New tools are essential in order to process and interpret the ever-increasing DNA sequence data. Coll, et al. (4) have developed a tool called the TB-Profiler to bolster drug-resistance testing efforts. They compared in silico whole-genome analysis to conventional DRT testing for 11 anti-TB drugs. The online TB Profiler tool inputs raw sequence data (from a library of over 1000 mutations), identifies drug resistance and lineage-specific mutations, and outputs the corresponding data. This analytical approach provides a means to predict resistance to the 11 anti-TB drugs tested. Given the need for early diagnosis of tuberculosis, and subsequent effective and minimally or non-toxic treatment, having the full drug-resistance profile of strains would greatly improve treatment success.

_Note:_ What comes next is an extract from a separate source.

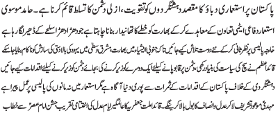 | ISLAMABAD, May 24: Colonial pressure on Pakistan is to provide strength to terrorists and to give upper hand to arch enemy - Hamid Moosavi | |||

How Has DNA Sequencing Been Used for Infectious Disease Management?
The power of WGS has been harnessed to study the emergence of drug resistance in the clinical realm. Not only can the application of sequencing technology identify current drug-resistant pathogens, but it can also provide clues as to the potential for a pathogen to become resistant. This is possible via the identification of genes that are precursors to resistance genes (called proto-resistance genes) (5)

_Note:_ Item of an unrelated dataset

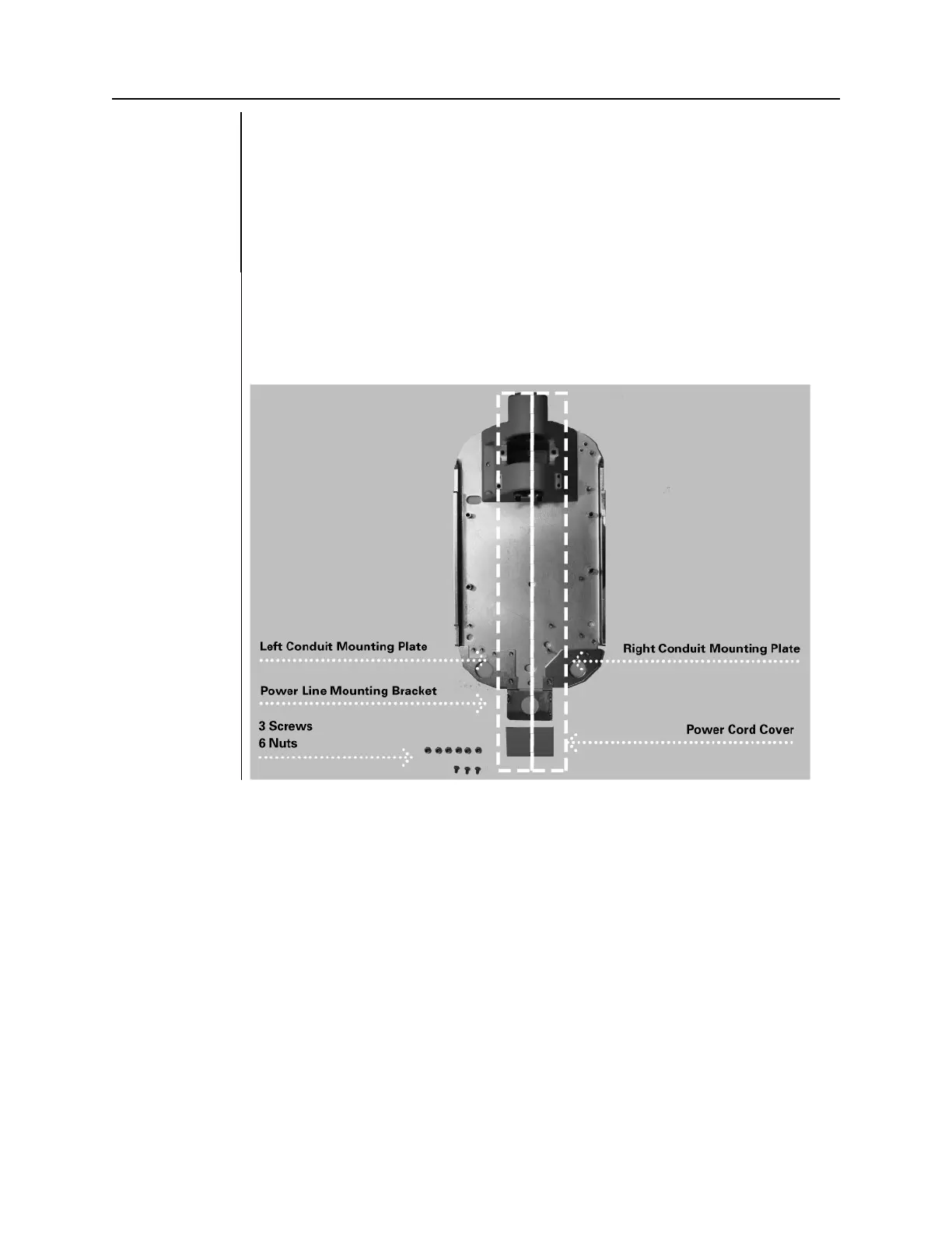 3. Place the assembled power line bracket and cord cover on the two bottom-most

Whole genome sequencing technologies have been used to identify resistance determinants, and this information exists in databases such as the Antibiotic Resistance Genes Database. Whole genome sequencing data can bolster the design of new and more accurate diagnostic assays/test kits that can be used in the field or clinical laboratory. A number of tests continue to be developed that are based on accumulated genomic information for drug-resistant bacteria, such as the mecC-based test proposed by Paterson et al to detect resistant S. aureus. (6) The utility and power of WGS as an approach to detect and combat drug resistance would be strengthened with easy-to-implement bioinformatics tools to efficiently manage and interpret the ever-increasing sequence databases. So that the information can be used with confidence at the clinical and epidemiological level, protocols and methods for validation are paramount. Armed with the antibiotic-resistance profiles of pathogens, it would be possible to greatly facilitate the development of new effective antibiotics and the design of personalized therapies. Linking WGS data from humans to that of microorganisms can further achieve increased recovery from infectious diseases and reduction of morbidity in a population. This is important in examining the host-pathogen relationship and the factors that are associated with human susceptibility to drug-resistant microorganisms.
References
- WHO policy statement: molecular line probe assays for rapid screening of patients at risk of multidrug-resistant tuberculosis. http://www.who.int/tb/laboratory/line_probe_assays/en/
- Buchanan R, Stoesser N, Crook D, Bowler IC. Multidrug-resistant Escherichia coli soft tissue infection investigated with bacterial whole genome sequencing. BMJ case reports. 2014;2014.
- Harris SR, Cartwright EJ, Torok ME, Holden MT, Brown NM, Ogilvy-Stuart AL, et al. Whole-genome sequencing for analysis of an outbreak of methicillin-resistant Staphylococcus aureus: a descriptive study. The Lancet Infectious Diseases. 2013;13(2):130-6.
- Coll F, McNerney R, Preston MD, Guerra-Assuncao JA, Warry A, Hill-Cawthorne G, et al. Rapid determination of anti-tuberculosis drug resistance from whole-genome sequences. Genome medicine. 2015;7(1):51.
- Palmer AC, Kishony R. Understanding, predicting and manipulating the genotypic evolution of antibiotic resistance. Nature Reviews Genetics. 2013;14(4):243-8.
- Paterson GK, Harrison EM, Holmes MA. The emergence of mecC methicillin-resistant Staphylococcus aureus. Trends in microbiology. 2014;22(1):42-7.